Records for this exercise: Begin

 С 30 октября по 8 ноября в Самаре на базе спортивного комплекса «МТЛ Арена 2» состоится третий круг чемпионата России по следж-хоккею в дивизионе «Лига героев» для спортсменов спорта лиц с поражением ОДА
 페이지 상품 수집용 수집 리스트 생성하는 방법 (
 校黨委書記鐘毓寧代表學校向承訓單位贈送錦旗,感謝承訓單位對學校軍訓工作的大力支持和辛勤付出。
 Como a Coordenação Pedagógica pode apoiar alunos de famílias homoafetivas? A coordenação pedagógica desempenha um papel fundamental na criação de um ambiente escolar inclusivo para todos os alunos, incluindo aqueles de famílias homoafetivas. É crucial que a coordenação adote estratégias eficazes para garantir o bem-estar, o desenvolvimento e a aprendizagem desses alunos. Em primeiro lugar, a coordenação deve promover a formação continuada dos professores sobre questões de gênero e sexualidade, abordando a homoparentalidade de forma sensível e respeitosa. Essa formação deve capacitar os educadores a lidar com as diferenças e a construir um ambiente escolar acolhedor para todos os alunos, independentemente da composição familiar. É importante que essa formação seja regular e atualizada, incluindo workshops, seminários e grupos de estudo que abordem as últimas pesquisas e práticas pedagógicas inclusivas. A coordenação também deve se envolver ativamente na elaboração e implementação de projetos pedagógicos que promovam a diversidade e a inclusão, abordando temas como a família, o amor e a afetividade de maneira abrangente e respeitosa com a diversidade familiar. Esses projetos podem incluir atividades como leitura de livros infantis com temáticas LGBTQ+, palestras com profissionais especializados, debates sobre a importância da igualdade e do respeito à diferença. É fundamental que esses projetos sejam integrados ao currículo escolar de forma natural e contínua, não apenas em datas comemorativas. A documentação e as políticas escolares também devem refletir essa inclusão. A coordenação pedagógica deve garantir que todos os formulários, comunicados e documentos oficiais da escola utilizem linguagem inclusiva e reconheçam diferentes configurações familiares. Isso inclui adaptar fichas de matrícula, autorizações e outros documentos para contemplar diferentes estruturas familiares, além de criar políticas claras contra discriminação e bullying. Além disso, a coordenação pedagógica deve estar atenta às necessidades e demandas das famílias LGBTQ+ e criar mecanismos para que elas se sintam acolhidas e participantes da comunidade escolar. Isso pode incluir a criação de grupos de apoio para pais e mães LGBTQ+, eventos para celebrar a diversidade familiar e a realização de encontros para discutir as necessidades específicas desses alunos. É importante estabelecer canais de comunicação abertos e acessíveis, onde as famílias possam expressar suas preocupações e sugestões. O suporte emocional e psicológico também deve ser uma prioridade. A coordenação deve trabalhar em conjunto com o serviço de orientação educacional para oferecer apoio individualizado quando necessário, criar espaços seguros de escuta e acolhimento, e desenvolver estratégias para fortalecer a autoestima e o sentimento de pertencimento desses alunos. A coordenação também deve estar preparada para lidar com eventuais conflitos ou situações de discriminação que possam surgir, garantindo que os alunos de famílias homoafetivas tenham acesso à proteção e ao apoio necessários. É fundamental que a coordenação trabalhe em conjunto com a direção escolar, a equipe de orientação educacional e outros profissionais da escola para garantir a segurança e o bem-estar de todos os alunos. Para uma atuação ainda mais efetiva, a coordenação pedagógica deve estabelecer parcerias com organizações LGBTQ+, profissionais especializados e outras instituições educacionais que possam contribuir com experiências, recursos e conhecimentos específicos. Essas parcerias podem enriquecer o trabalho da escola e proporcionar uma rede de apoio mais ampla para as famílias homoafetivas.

Records for this exercise: End
Records for this exercise: Begin

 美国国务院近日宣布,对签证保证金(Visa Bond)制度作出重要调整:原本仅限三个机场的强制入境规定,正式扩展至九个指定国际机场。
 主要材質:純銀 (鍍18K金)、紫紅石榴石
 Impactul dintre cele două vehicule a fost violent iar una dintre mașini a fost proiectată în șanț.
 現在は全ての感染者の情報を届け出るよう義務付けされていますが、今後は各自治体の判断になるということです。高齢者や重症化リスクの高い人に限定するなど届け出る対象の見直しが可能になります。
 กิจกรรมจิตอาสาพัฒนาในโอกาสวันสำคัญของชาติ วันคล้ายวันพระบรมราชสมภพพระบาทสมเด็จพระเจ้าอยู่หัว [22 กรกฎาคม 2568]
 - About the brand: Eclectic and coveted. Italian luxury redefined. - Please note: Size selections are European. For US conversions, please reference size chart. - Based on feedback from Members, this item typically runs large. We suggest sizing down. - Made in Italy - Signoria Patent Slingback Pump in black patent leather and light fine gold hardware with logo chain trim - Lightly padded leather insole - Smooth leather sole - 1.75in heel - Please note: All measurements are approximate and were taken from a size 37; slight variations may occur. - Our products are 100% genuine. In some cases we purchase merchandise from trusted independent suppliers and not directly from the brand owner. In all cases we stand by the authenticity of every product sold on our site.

Records for this exercise: End

▶ **Task brief**
Your answer should consist of the lines from the line with "美国国务院近日宣布,对签证保" to the line with "- About the" above, repeated exactly, both ends included.

▶ **Your response**
 美国国务院近日宣布,对签证保证金(Visa Bond)制度作出重要调整:原本仅限三个机场的强制入境规定,正式扩展至九个指定国际机场。
 主要材質:純銀 (鍍18K金)、紫紅石榴石
 Impactul dintre cele două vehicule a fost violent iar una dintre mașini a fost proiectată în șanț.
 現在は全ての感染者の情報を届け出るよう義務付けされていますが、今後は各自治体の判断になるということです。高齢者や重症化リスクの高い人に限定するなど届け出る対象の見直しが可能になります。
 กิจกรรมจิตอาสาพัฒนาในโอกาสวันสำคัญของชาติ วันคล้ายวันพระบรมราชสมภพพระบาทสมเด็จพระเจ้าอยู่หัว [22 กรกฎาคม 2568]
 - About the brand: Eclectic and coveted. Italian luxury redefined. - Please note: Size selections are European. For US conversions, please reference size chart. - Based on feedback from Members, this item typically runs large. We suggest sizing down. - Made in Italy - Signoria Patent Slingback Pump in black patent leather and light fine gold hardware with logo chain trim - Lightly padded leather insole - Smooth leather sole - 1.75in heel - Please note: All measurements are approximate and were taken from a size 37; slight variations may occur. - Our products are 100% genuine. In some cases we purchase merchandise from trusted independent suppliers and not directly from the brand owner. In all cases we stand by the authenticity of every product sold on our site.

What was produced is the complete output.